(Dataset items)
==========

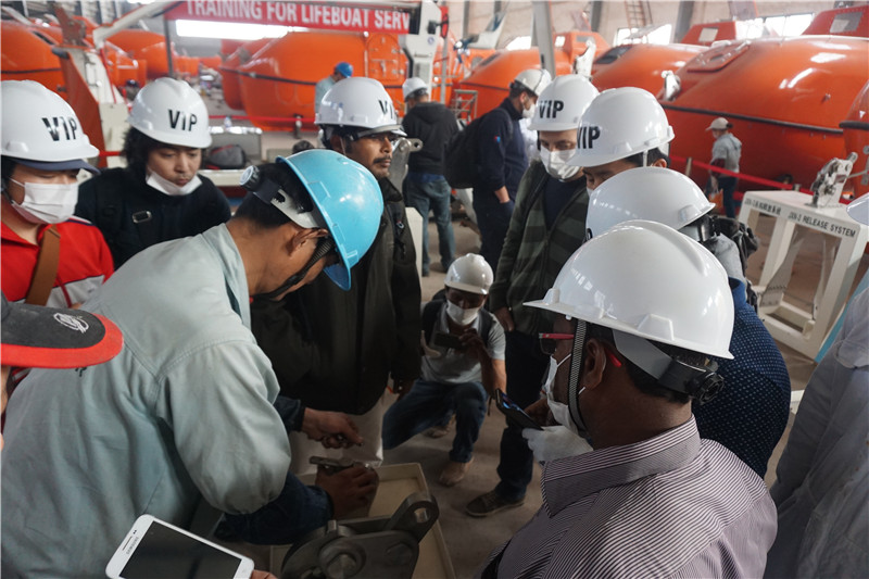 船舶服务精英人员来到开云游戏平台,对厂家设备的新设计,新产品进行深层次的学习和服务训练,成为佼燕救生设备的优秀服务商,为佼燕的客户提供更优质,更专业,更及时的服务.
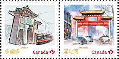 Gates of Chinatown, [Click to see souvenir sheet] On May 1, Canada Post issued a booklet of eight “Gates of Chinatown” stamps, also offered in a souvenir sheet (shown) and an uncut press sheet of five souvenir sheets. Wooden or stone gates, known as paifang in Mandarin, were originally used to separate subdivisions in Chinese cities. Eventually, these gates lost that role, but their doors remained as monuments. These gates are often the most. . . . |
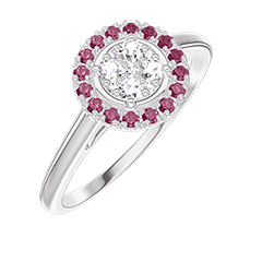 « L'ATELIER » NO. 211420Ring White gold 9 carats - Cluster of natural diamonds Round equivalent 0.5 - Halo Ruby 4.7 (18)
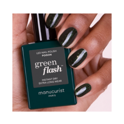 Green Flash eliminates harmful ingredients, dries instantly under LED light, promises enduring wear and brilliant shine lasting up to 10 days, and effortlessly removes in just 1 minute.
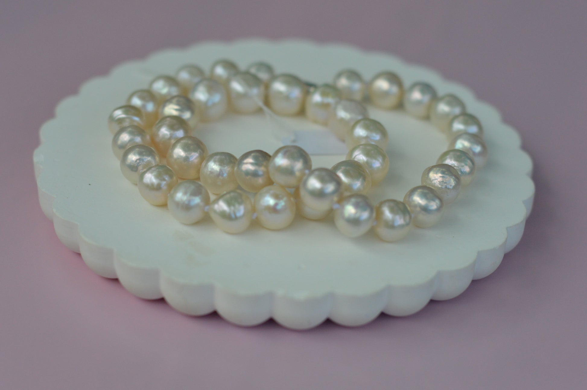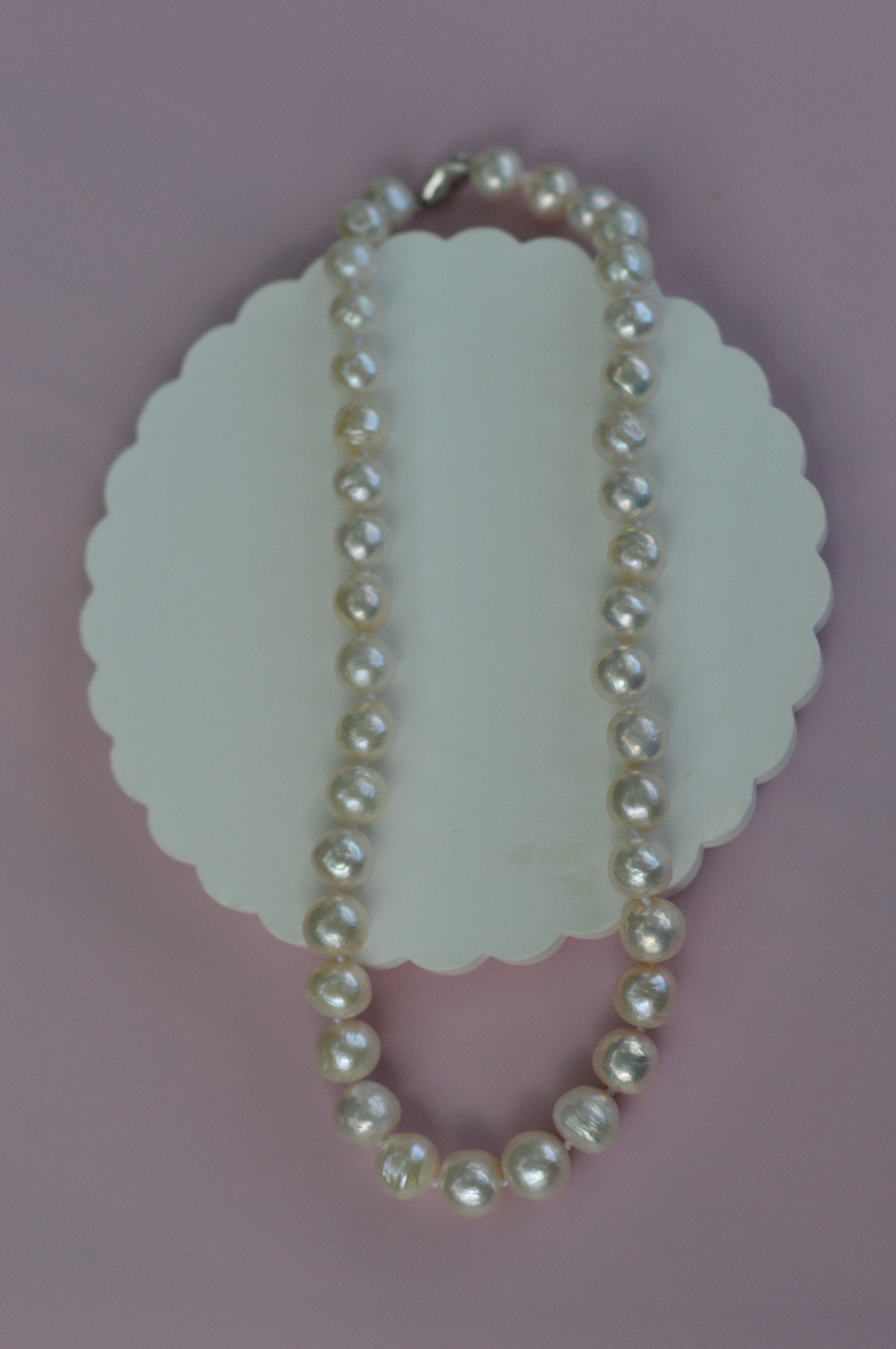 Each pearl is carefully hand-strung and individually knotted for durability, ensuring both beauty and longevity. The round shape and reflective shine of Edison pearls make this piece a luxurious addition to any jewelry collection.
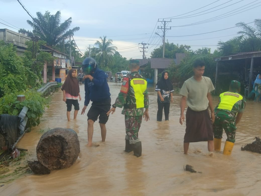 Personel Koramil bersama aparatur desa dan masyarakat bahu-membahu melakukan evakuasi warga, memindahkan barang-barang berharga ke tempat aman, serta membantu membuka akses jalan yang tertutup genangan. Babinsa di wilayah itu juga ikut memastikan keselamatan warga lanjut usia, anak-anak, serta membantu menyalurkan bantuan darurat.
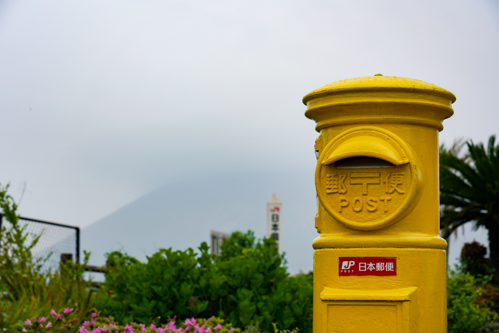 残念ながら開聞岳はけむって見えませんが、黄色いポストが特徴的でみなさん記念撮影してましたよ。
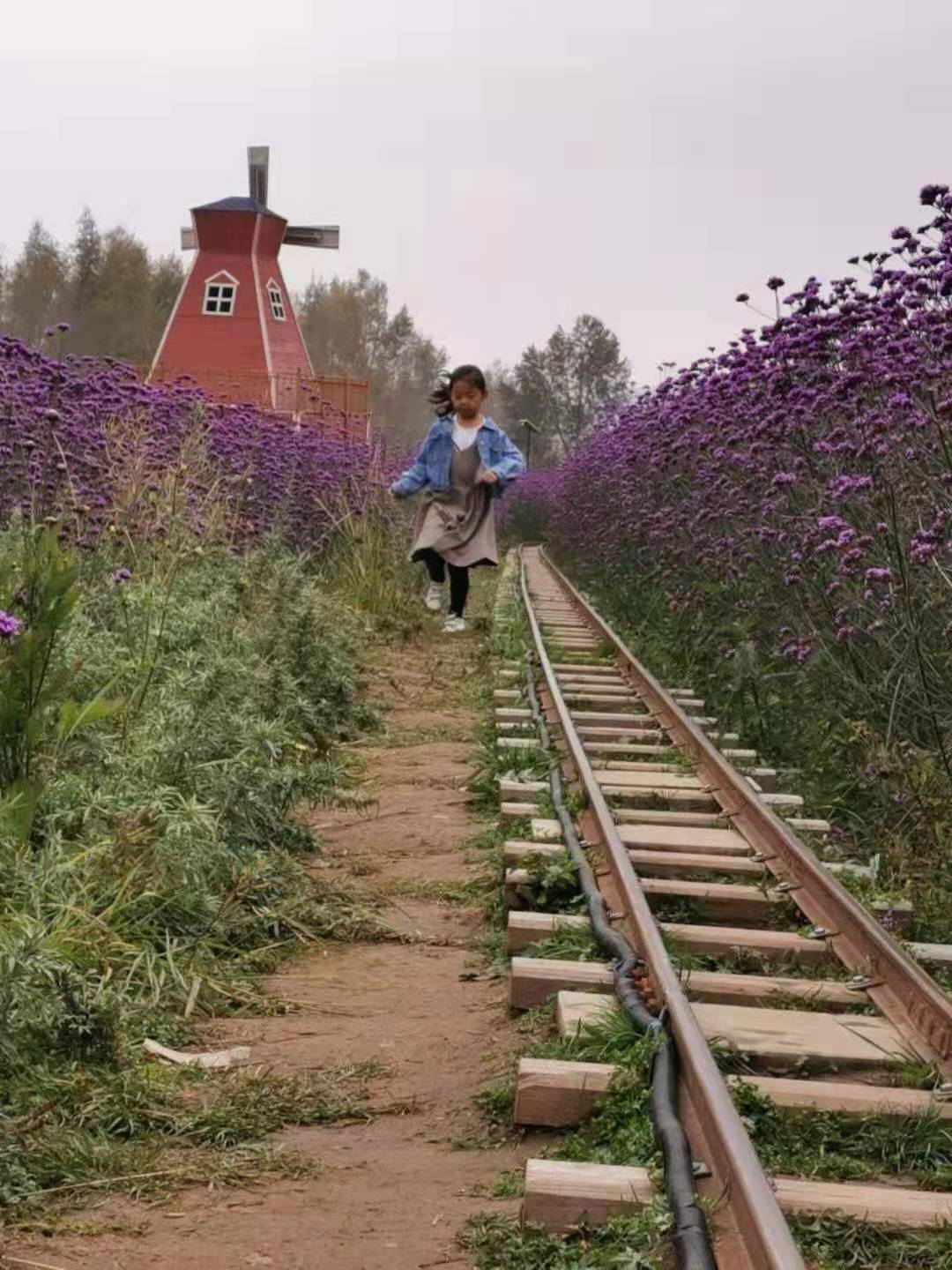 我们走了一会儿,就看见了五颜六色的花田。有这么多漂亮的花,我忍不住让爸爸赶紧给我拍几张照片做留念。
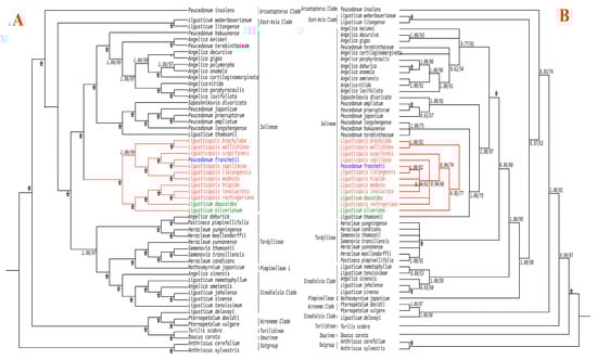 P. franchetii was regarded as a synonym of L. likiangensis in the World Flora plant list (http://worldfloraonline.org, accessed on 10 December 2022). However, our results did not support this treatment. Although P. franchetii was a sister to L. likiangensis in the ITS topology, this species clustered with L. capilliacea in the plastome tree. Moreover, obviously different morphological characters were detected for the both species. The absent bracts and pinnate and linear coexisted bracteoles were observed in P. franchetii, while pinnate and linear coexisting bracts and pinnate bracteoles were found in L. likiangensis (Table S6). Therefore, merging P. franchetii into L. likiangensis was inappropriatem and P. franchetii should be regarded as a dependent species of genus Ligusticopsis.
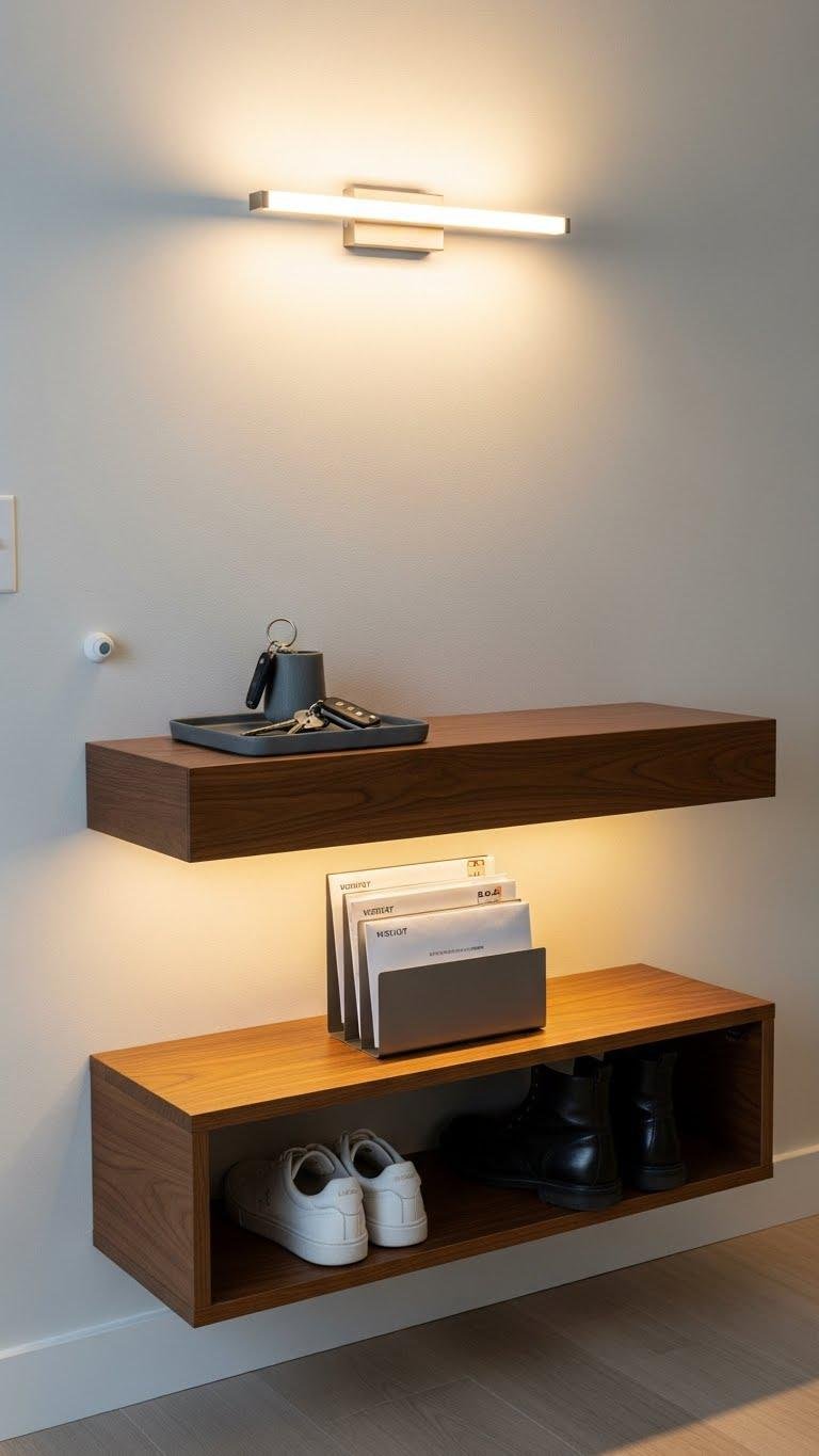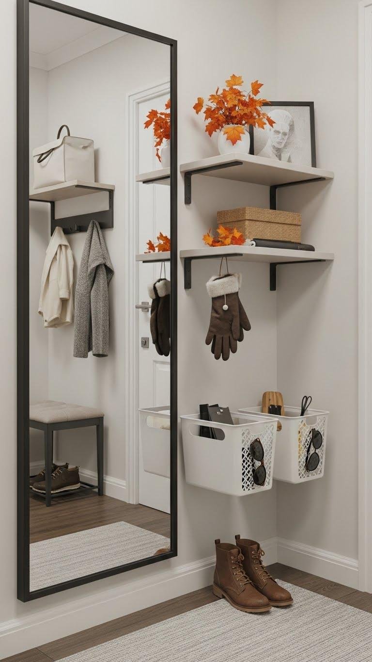 Mirrors open up sightlines; floating shelves keep the floor clear while giving you targeted storage for seasonal essentials. Mount narrow shelves at eye level, rotate seasonal decor without clutter, and stash gloves or sunglasses in floating baskets for quick grabs.
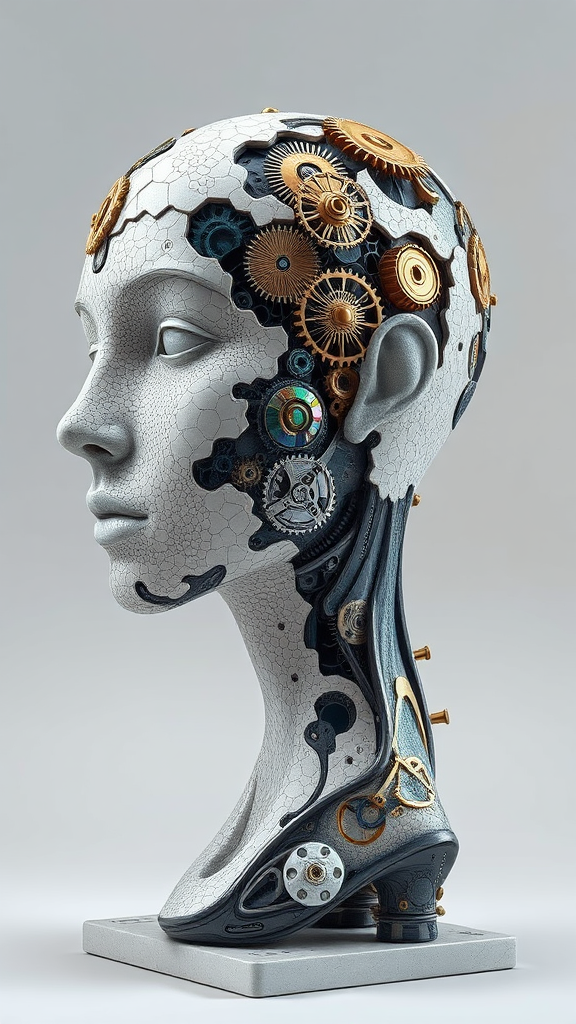 An abstract sculpture of a head and neck in slight profile, featuring skin composed of intricate patterns interwoven with gears and mechanical elements, blending organic and technological aesthetics, executed in digital realistic concept art style, ultra-detailed and photorealistic. The piece showcases muted tones of white, black, brown, blue, gold, and silver, set against a light gray background with diffused lighting that eliminates shadows on the subject. The sculpture appears to seamlessly rise from its base, with delicate engravings adding depth, and subtle iridescent highlights hinting at fluid motion within static form, conveying a harmonious fusion of nature and machine.
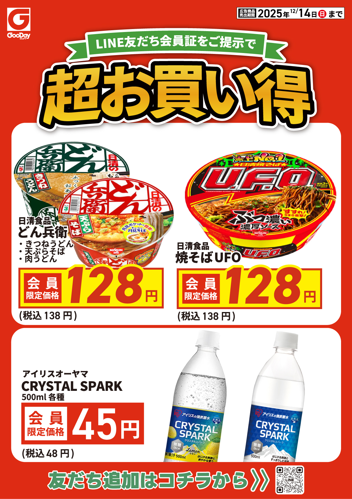 【LINE友だち会員証】のご提示で対象商品が『超お買い得』に! ぜひお近くのグッデイにてお買い求めください。 「詳細」からチラシ紙面をチェック▼
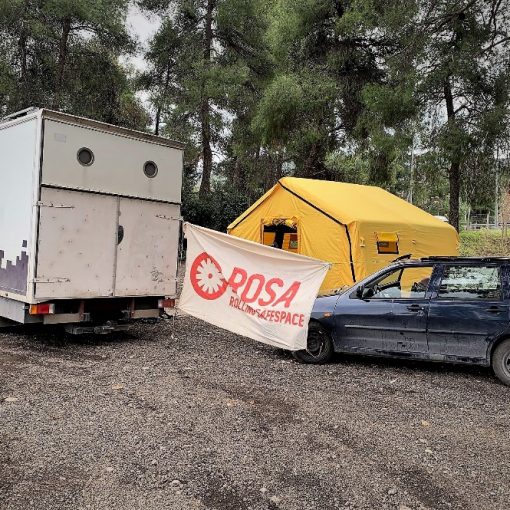 Auch wenn wir nun wissen, dass es diese Frauen* gibt, wir sie unterstützen möchten und unser ursprüngliches Konzept hierfür passend ist, bleiben einige Fragen offen. Seit Beginn der Projektentwicklung erfahren wir, dass es zunehmend schwieriger wird, in und um den Geflüchtetenunterkünften aktiv zu sein (es Bedarf einer Registrierung als griechische NGO, die oftmals über ein Jahr in Anspruch nimmt und außerdem einer Erlaubnis von der Verwaltung der Unterkunft, die nicht mehr so oft vergeben wird). Diese Hürden sind der Grund, weshalb es bislang wenig bis keine (feministische) Unterstützung in Geflüchtetenunterkünften gibt und der Großteil dieser Strukturen im Zentrum Athens arbeiten. Und genau deshalb wollen wir versuchen, den Rolling Safespace dorthin zu bringen. Wir glauben daran, dass es klappen kann, und sind bereits mit hierfür wichtigen Personen vernetzt, wodurch sich Möglichkeiten öffnen.

==========

**Directions for this task:** Verbatim copy, pictures excluded: output the lines from the first line of the records above through the line containing "我们走了一会儿,就看见了五颜".

**Result:**
 船舶服务精英人员来到开云游戏平台,对厂家设备的新设计,新产品进行深层次的学习和服务训练,成为佼燕救生设备的优秀服务商,为佼燕的客户提供更优质,更专业,更及时的服务.
 Gates of Chinatown, [Click to see souvenir sheet] On May 1, Canada Post issued a booklet of eight “Gates of Chinatown” stamps, also offered in a souvenir sheet (shown) and an uncut press sheet of five souvenir sheets. Wooden or stone gates, known as paifang in Mandarin, were originally used to separate subdivisions in Chinese cities. Eventually, these gates lost that role, but their doors remained as monuments. These gates are often the most. . . . |
 « L'ATELIER » NO. 211420Ring White gold 9 carats - Cluster of natural diamonds Round equivalent 0.5 - Halo Ruby 4.7 (18)
 Green Flash eliminates harmful ingredients, dries instantly under LED light, promises enduring wear and brilliant shine lasting up to 10 days, and effortlessly removes in just 1 minute.
 Each pearl is carefully hand-strung and individually knotted for durability, ensuring both beauty and longevity. The round shape and reflective shine of Edison pearls make this piece a luxurious addition to any jewelry collection.
 Personel Koramil bersama aparatur desa dan masyarakat bahu-membahu melakukan evakuasi warga, memindahkan barang-barang berharga ke tempat aman, serta membantu membuka akses jalan yang tertutup genangan. Babinsa di wilayah itu juga ikut memastikan keselamatan warga lanjut usia, anak-anak, serta membantu menyalurkan bantuan darurat.
 残念ながら開聞岳はけむって見えませんが、黄色いポストが特徴的でみなさん記念撮影してましたよ。
 我们走了一会儿,就看见了五颜六色的花田。有这么多漂亮的花,我忍不住让爸爸赶紧给我拍几张照片做留念。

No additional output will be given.